## ASSIGNED TASK
In the listing, some lines may hold the string "informacyjne"; report how many do, as a bare number.

## RECORDED INFORMATION
......

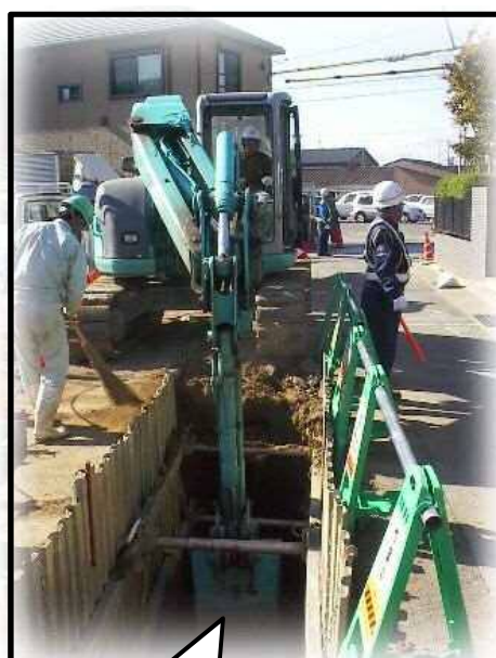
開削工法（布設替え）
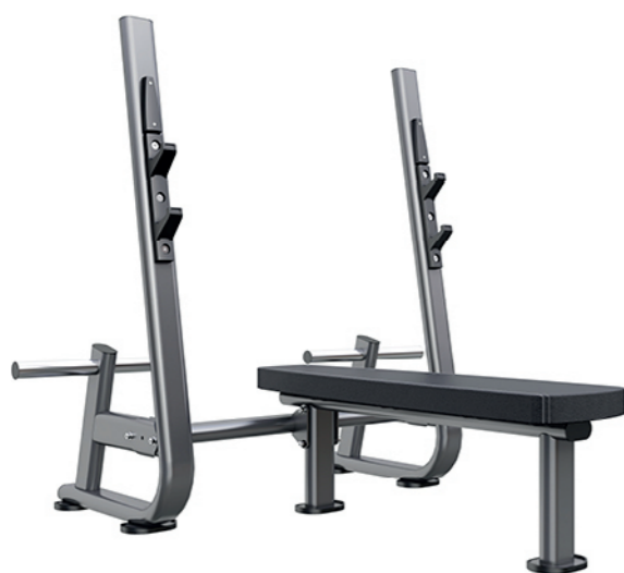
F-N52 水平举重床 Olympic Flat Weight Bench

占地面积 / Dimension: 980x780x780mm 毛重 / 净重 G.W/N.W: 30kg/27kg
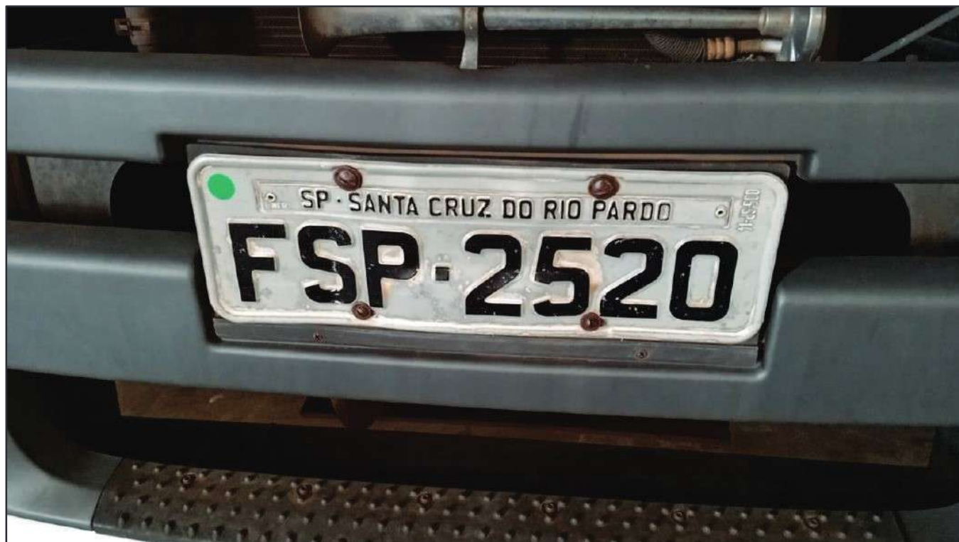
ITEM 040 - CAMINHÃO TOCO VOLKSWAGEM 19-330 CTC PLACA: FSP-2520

......

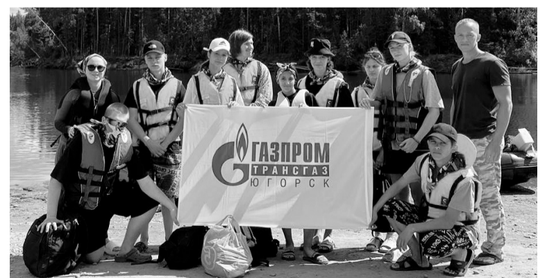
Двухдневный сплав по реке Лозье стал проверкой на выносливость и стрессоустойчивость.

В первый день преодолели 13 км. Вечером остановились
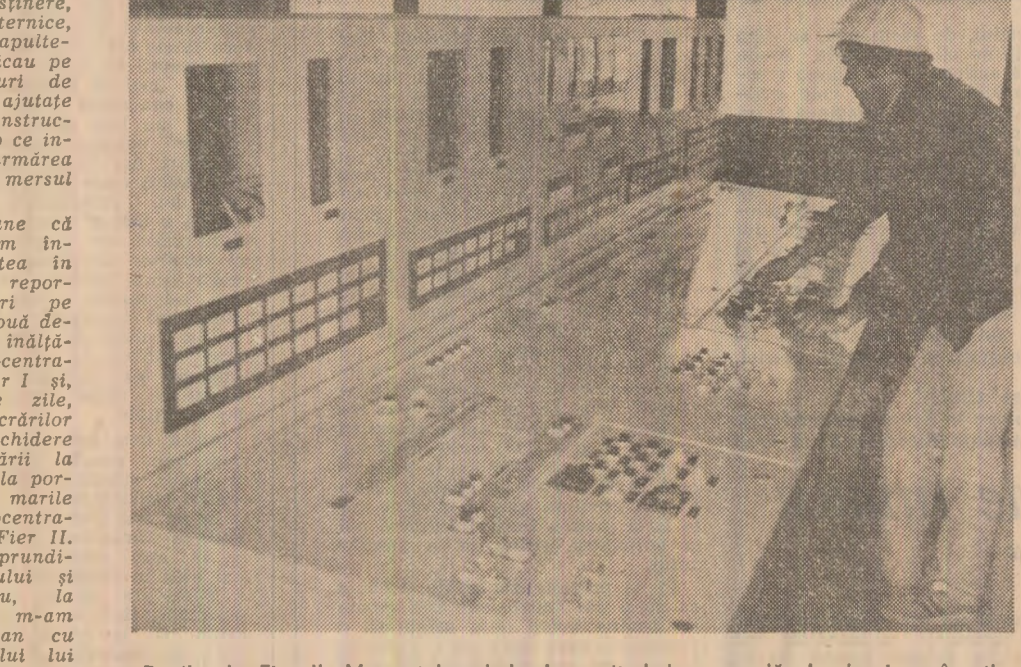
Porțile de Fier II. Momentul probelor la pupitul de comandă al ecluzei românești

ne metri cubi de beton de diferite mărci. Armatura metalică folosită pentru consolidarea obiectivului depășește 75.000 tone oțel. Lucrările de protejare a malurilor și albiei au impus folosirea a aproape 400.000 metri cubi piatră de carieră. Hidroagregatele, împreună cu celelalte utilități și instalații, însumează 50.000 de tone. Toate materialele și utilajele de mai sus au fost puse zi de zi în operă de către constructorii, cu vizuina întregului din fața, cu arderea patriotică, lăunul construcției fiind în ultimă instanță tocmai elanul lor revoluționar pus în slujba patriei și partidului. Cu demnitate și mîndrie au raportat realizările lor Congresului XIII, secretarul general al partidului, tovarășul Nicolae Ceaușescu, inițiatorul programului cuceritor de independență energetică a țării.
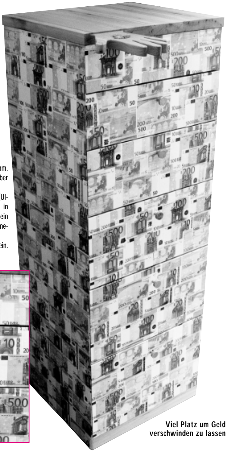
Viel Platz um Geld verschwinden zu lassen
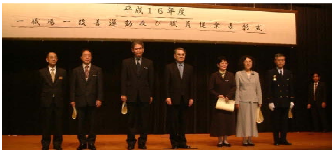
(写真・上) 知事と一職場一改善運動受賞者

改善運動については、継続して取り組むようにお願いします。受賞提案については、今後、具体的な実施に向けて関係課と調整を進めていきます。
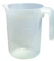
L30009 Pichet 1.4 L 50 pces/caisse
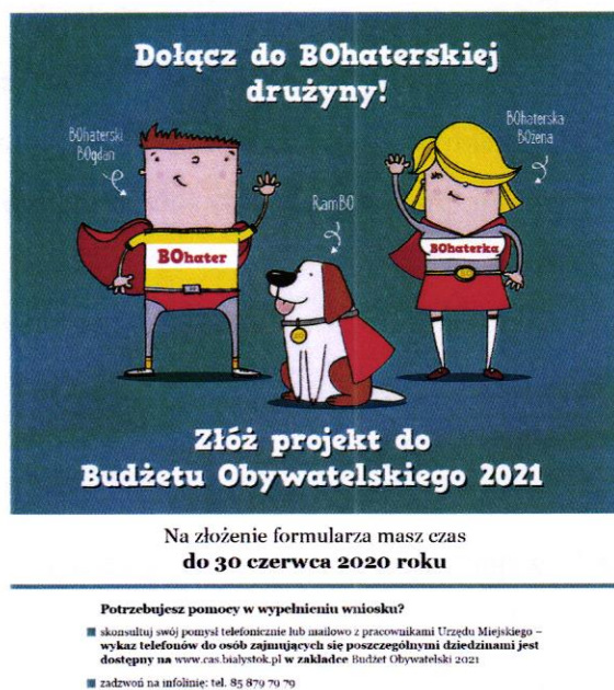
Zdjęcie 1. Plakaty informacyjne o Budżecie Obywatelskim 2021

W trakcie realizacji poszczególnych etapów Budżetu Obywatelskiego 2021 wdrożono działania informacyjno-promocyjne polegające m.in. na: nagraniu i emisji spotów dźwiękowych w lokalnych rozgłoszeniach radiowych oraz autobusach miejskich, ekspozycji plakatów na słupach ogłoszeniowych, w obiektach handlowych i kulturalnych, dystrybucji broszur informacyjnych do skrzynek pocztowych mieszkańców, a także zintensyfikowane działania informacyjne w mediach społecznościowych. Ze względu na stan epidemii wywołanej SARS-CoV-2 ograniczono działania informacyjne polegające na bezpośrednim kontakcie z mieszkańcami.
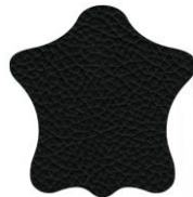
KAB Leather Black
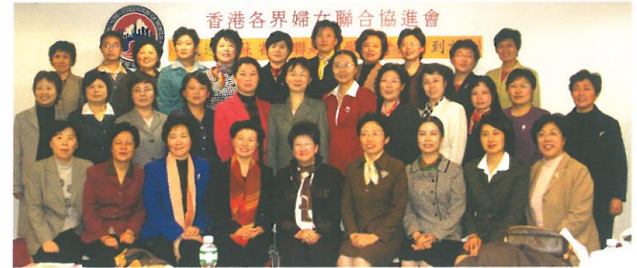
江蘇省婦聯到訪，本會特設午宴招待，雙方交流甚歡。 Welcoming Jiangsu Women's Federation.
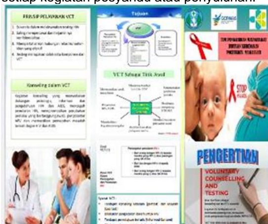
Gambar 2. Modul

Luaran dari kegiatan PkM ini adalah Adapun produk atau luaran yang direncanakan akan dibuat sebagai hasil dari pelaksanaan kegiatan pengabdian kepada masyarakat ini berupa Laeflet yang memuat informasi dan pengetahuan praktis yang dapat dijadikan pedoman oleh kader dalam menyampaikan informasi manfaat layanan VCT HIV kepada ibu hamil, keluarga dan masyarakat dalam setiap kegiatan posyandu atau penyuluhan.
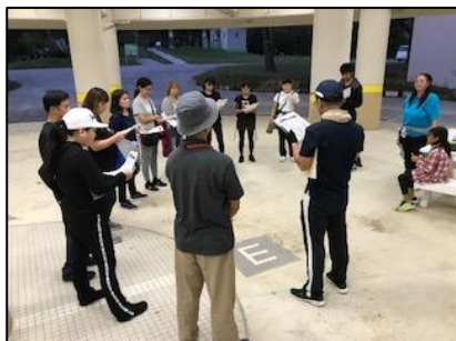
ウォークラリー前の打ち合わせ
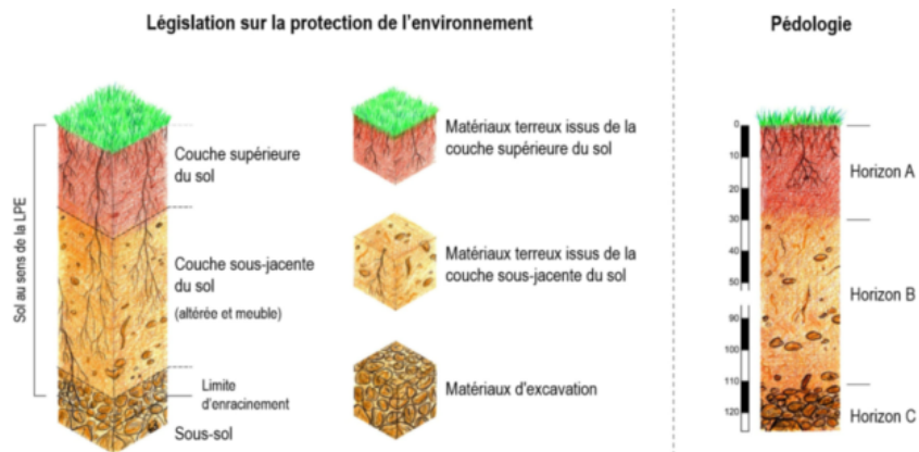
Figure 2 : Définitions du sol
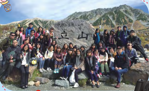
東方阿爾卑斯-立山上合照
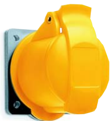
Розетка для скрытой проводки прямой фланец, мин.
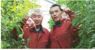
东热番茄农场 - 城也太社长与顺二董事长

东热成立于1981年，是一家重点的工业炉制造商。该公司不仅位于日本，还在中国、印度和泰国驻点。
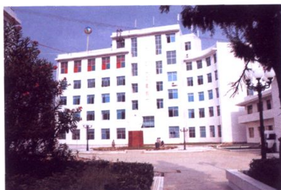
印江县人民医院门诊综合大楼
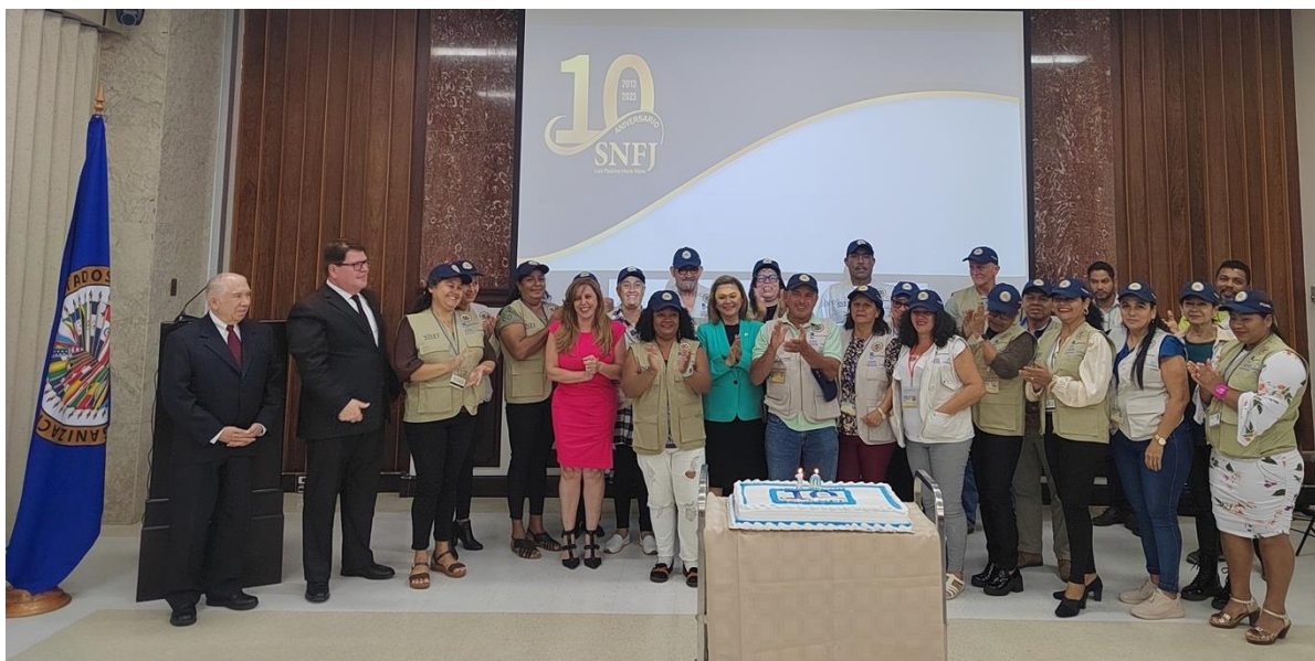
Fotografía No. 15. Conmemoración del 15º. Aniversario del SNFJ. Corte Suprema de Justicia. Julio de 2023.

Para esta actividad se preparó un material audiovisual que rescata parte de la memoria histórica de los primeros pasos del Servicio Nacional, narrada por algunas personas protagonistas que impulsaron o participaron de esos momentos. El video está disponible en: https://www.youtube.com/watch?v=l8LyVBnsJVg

......

## EXERCISE RESPONSE
2